* _BRIEF_: Return the stretch from the line with "Nell'equipaggiamento di serie" through the line with "REFLET silvered necklace" in the data below, character for character, skipping all pictures.

* _PROVIDED ENTRIES_:
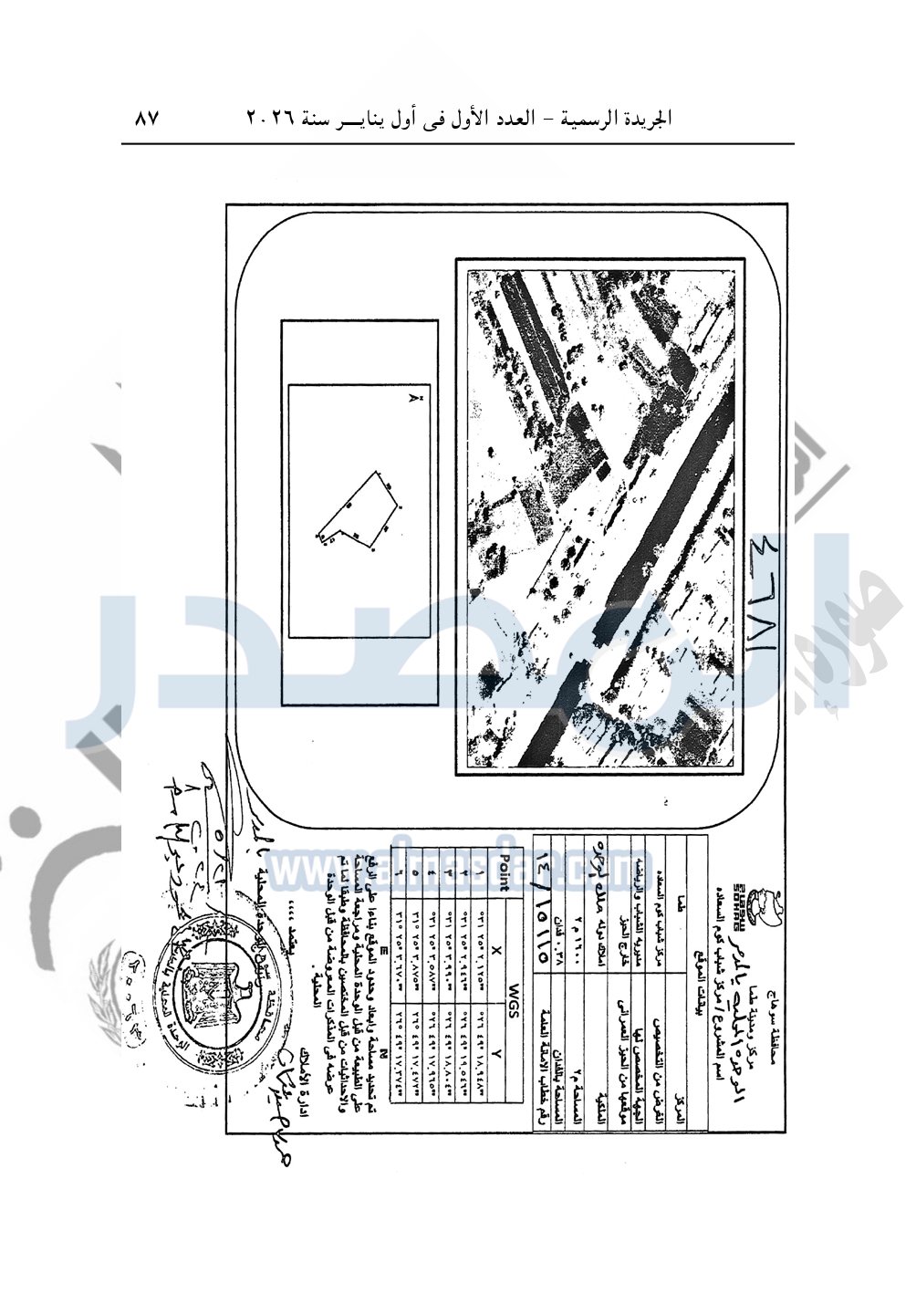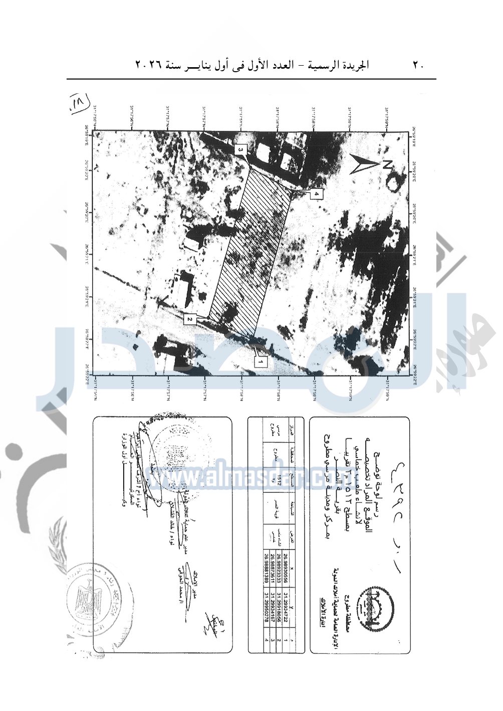كما نشرت الجريدة الرسمية، في العدد الأول، الصادر في أول يناير 2026، قرار رئيس مجلس الوزراء، رقم 4676 لسنة 2025، بشأن تخصيص قطعة أرض لإقامة مركز شباب سبك الأحد بمحافظة المنوفية.
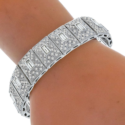 Estate 3.00ct Baguette And 5.40ct Round Diamond 18k White Gold Bracelet
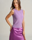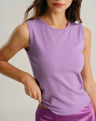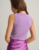 Mor Yuvarlak Yakalı Yivli Örgü Tişört
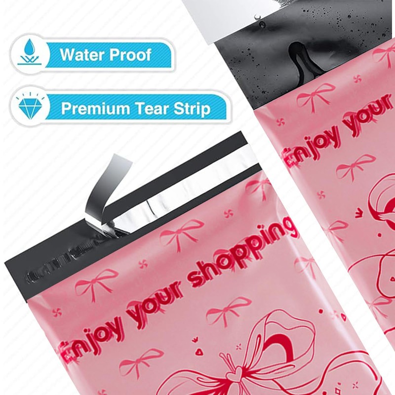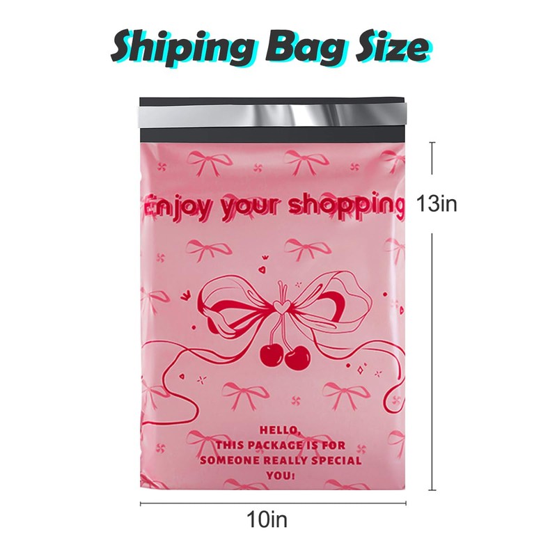 - Poly mailers 10x13 " shipping bag, 100 per pack, safe and reliable to protect your privacy. The unique and cute bow print is the best choice for packaging gifts, making customers feel happy when they receive the goods.
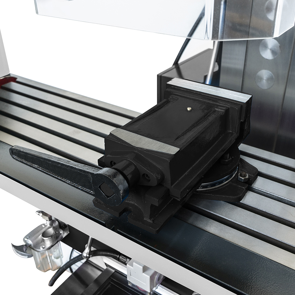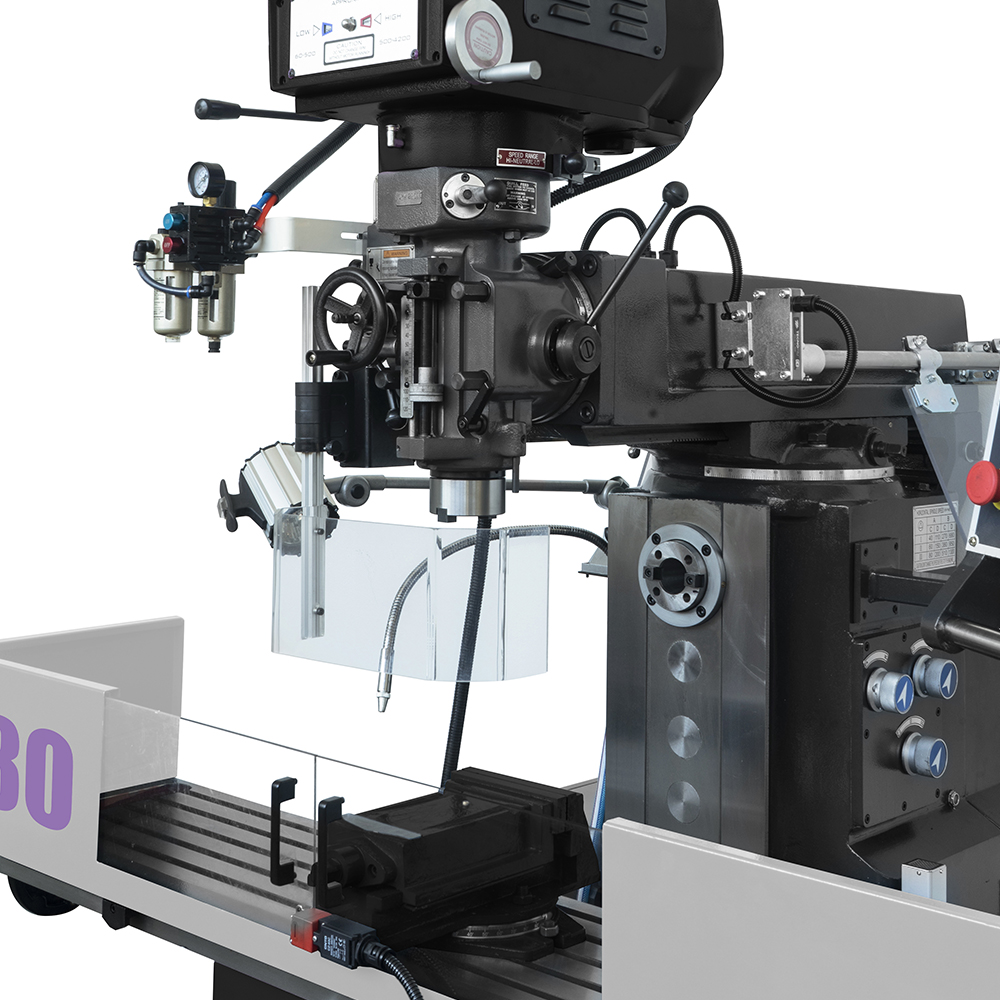 Nell'equipaggiamento di serie è incluso il visualizzatore di quote in grado di mostrare la posizione dell'utensile in 3 assi (X, Y e Z) con precisioni fino a 0.5 µm. I due mandrini (orizzontali e verticali), così come la tavola portapezzo, sono provvisti di ripari in policarbonato interbloccati (micro-interruttori) nel rispetto degli standard vigenti in materia di sicurezza. La macchina è dotata di impianto di lubrorefrigerazione e lampada.
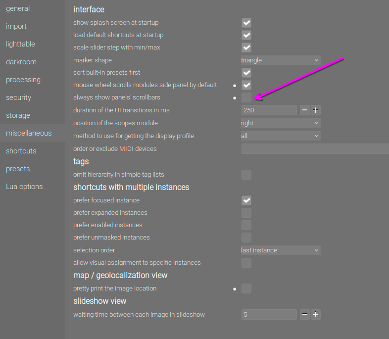 In the miscellanous setting, for example — generic and related to the UI — if “always show panel’s scrollbar” is disabled, it should be consistent and remove them everywhere.
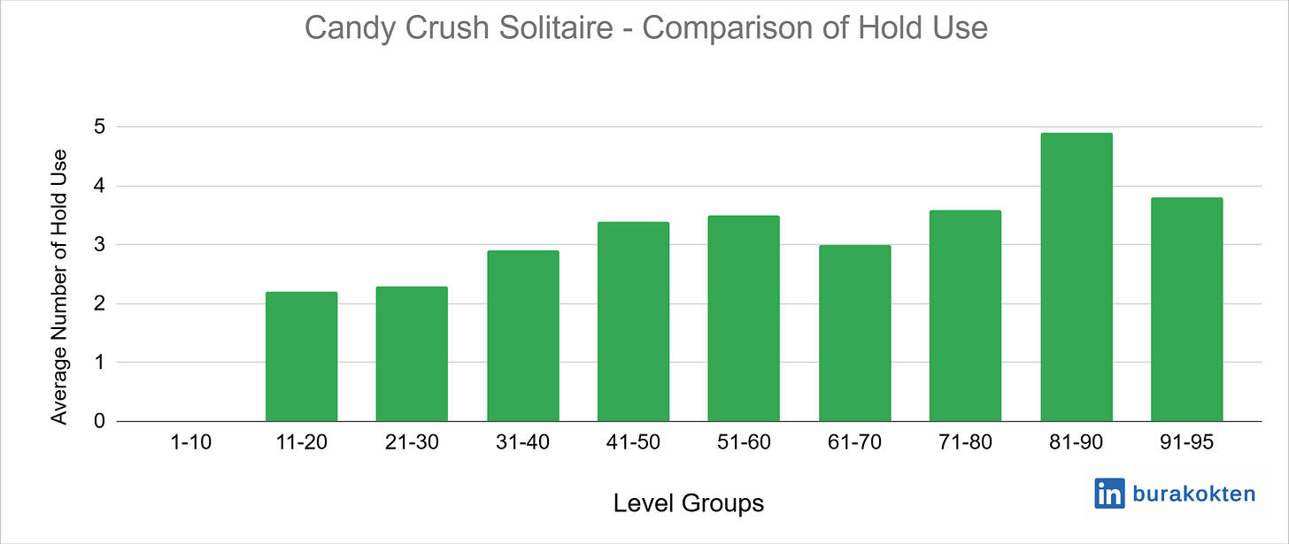 In this chart, calculated values represents the required amount of stockpile cards to complete the level without using any boosters. Calculated (Max) shows how many of them is needed if players doesn’t use the hold slot, and Calculated (Min) represents the minimum number required in best-case scenario when the hold slot is used. Drawn indicates how many cards are drawn from the stockpile to complete the levels. Initially Given is the number of stockpile cards given at the beginning of the level.
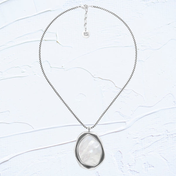 REFLET silvered necklace with white MOP pendant
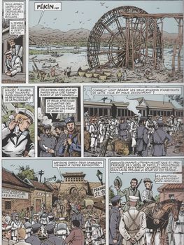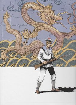 remarques: | Tombelaine: rocher sauvage battu par les embruns, sur lequel se cramponne un manoir délabré, c'est là, dans le vieux domaine familial, que s'écoule la jeunesse de Quentin Fortune c’est le temps des jeux innocents avec Amélie, des premiers émois et des premiers serments, pourquoi faut-il qu'à son retour du service militaire, Quentin apprenne que son père a vendu son cher Tombelaine à Lebeuf, l'énigmatique père d'Amélie? pendant ce temps, à l'autre bout du monde, une révolte couve, les Boxers veulent chasser les Occidentaux de Chine où ils exploitent de larges concessions, les premiers massacres frappent les missions chrétiennes en Extrême Orient, l'Europe décide d'envoyer des troupes à Pékin pour défendre ses légations Quentin Fortune, un breton, originaire de Tombelaine, est amoureux d'Amélie, fille du lourdaud Lebeuf en Chine en 1900, c'est le début de l'agitation des "Boxers" >> p. 8 Tseu-Hi, la vieille impératrice douairière qui achève son traditionel potage de nids d'hirondelles mais avant de partir, Quentin a quelques difficultées avec Lebeuf, père d'Amélie, qui lui n'aime pas du tout Quentin >> p. 20/21 la course entre un attelage et une automobile Quentin découvre chez Lebeuf un trafic d'antiquités chinoises contenant de l'opium, il veut le dénoncer mais Lebeuf lui tend un piège et oblige Quentin à s'engager dans un corps expéditionnaire qui part pour la Chine débarquement à Tien Tsin et premiers coups de feu pour Quentin >> p. 34 les missionnaires qui sont satisfaits par l'opération nettoyage des marsouins à Tien Tsin 300 hommes de 6 nations se rassemblent pour protéger les légations internationale de Pékin >> p. 37 les britanniques font bande à part en sirotant un thé fadasse et tiède une bande dessinée classique, Capo étant l'élève de Chaillet qui a été lui-même l'élève de Martin et l'influence de Chaillet/Martin est évidente sur le graphisme de Capo, le récit malgré le fond historique n'est pas très recherché et rien de particulier se distingue dans le graphisme dans ce premier épisode, Capo signe un dessin encore non mature, il est malheureusement trahi par de bien piètres couleurs. |
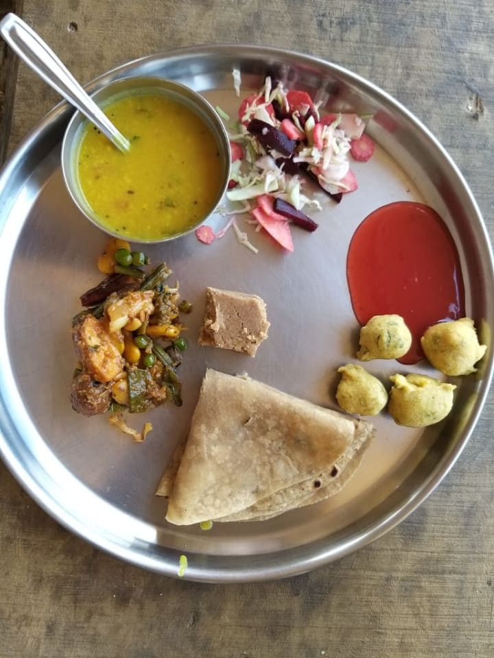 Back we came back to the tent and then walking was so tired and hungry so after eating curry and kheechadi dabai, I sat down on the bench again and watched the immense beauty of nature in peace.
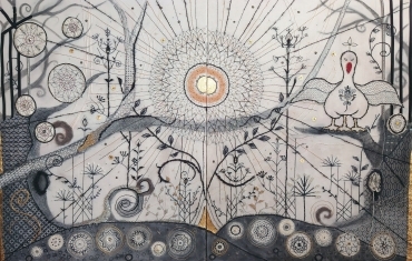 五島 アサミ 「サムサラの森/太陽の暗号」テキスタイルアート 116.7×182.0

* _YOUR SOLUTION_:
 Nell'equipaggiamento di serie è incluso il visualizzatore di quote in grado di mostrare la posizione dell'utensile in 3 assi (X, Y e Z) con precisioni fino a 0.5 µm. I due mandrini (orizzontali e verticali), così come la tavola portapezzo, sono provvisti di ripari in policarbonato interbloccati (micro-interruttori) nel rispetto degli standard vigenti in materia di sicurezza. La macchina è dotata di impianto di lubrorefrigerazione e lampada.
 In the miscellanous setting, for example — generic and related to the UI — if “always show panel’s scrollbar” is disabled, it should be consistent and remove them everywhere.
 In this chart, calculated values represents the required amount of stockpile cards to complete the level without using any boosters. Calculated (Max) shows how many of them is needed if players doesn’t use the hold slot, and Calculated (Min) represents the minimum number required in best-case scenario when the hold slot is used. Drawn indicates how many cards are drawn from the stockpile to complete the levels. Initially Given is the number of stockpile cards given at the beginning of the level.
 REFLET silvered necklace with white MOP pendant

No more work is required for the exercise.